DUBAÏ : Des hauts responsables d’Arabie saoudite, de Turquie et du Pakistan sont arrivés à Istanbul pour participer à leur première réunion dans le cadre de l’Accord de défense conjoint de La Mecque.

Le ministre turc des Affaires étrangères, Hakan Fidan, a déclaré que les responsables réunis à Istanbul avaient commencé à mettre en place la structure fondamentale de l’alliance de défense de La Mecque, ajoutant que la création de ce bloc n’était dirigée contre aucun pays en particulier.

M. Fidan a également précisé que cette alliance, inspirée de l’OTAN, reposait sur le principe selon lequel d’autres pays pourraient y adhérer sous certaines conditions. 

Le ministre saoudien de la Défense, le prince Khalid bin Salman, dirigeait la délégation saoudienne, accompagnée du ministre saoudien des Affaires étrangères, le prince Faisal bin Farhan, et d’autres hauts responsables, selon l’Agence de presse saoudienne.
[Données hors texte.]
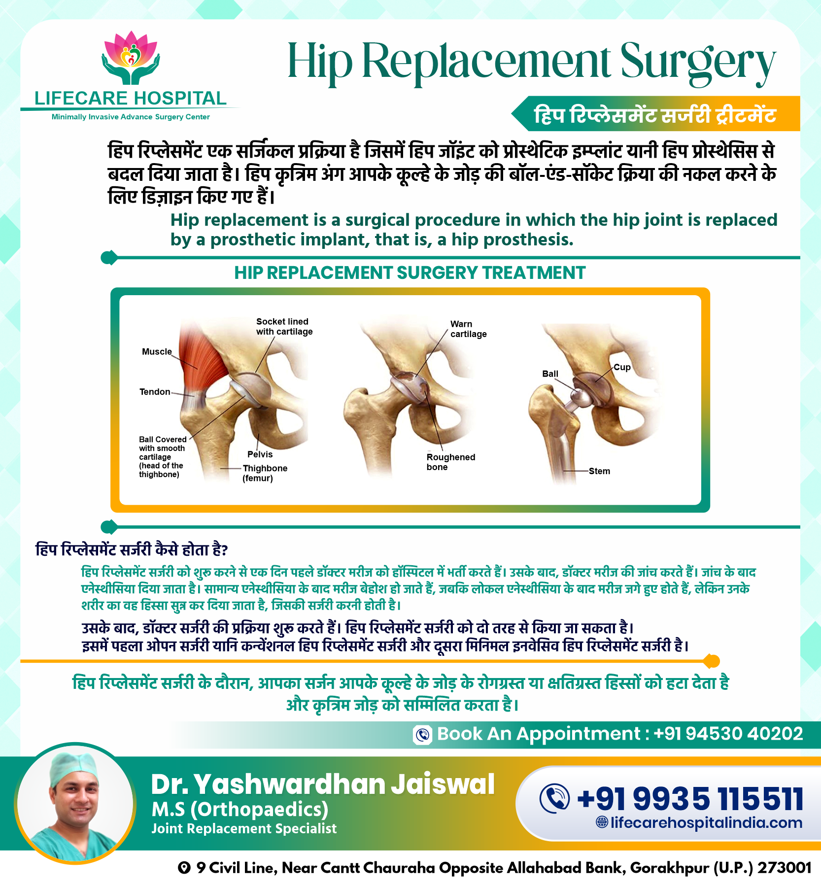 हिप रिप्लेसमेंट एक सर्जिकल प्रक्रिया है जिसमें हिप जॉइंट को प्रोस्थेटिक इम्प्लांट यानी हिप प्रोस्थेसिस से बदल दिया जाता है। हिप कृत्रिम अंग आपके कूल्हे के जोड़ की बॉल-एंड-सॉकेट क्रिया की नकल करने के लिए डिज़ाइन किए गए हैं।

Le prince Faisal a ensuite rencontré son homologue turc, Hakan Fidan, en marge de la réunion. 

Les deux responsables ont fait le point sur les relations saoudo-turques et sur les moyens de les renforcer et de les développer au service de leurs intérêts mutuels. 

Ils ont également discuté des derniers développements régionaux et de la nécessité de déployer des efforts pour renforcer la sécurité et la stabilité régionales.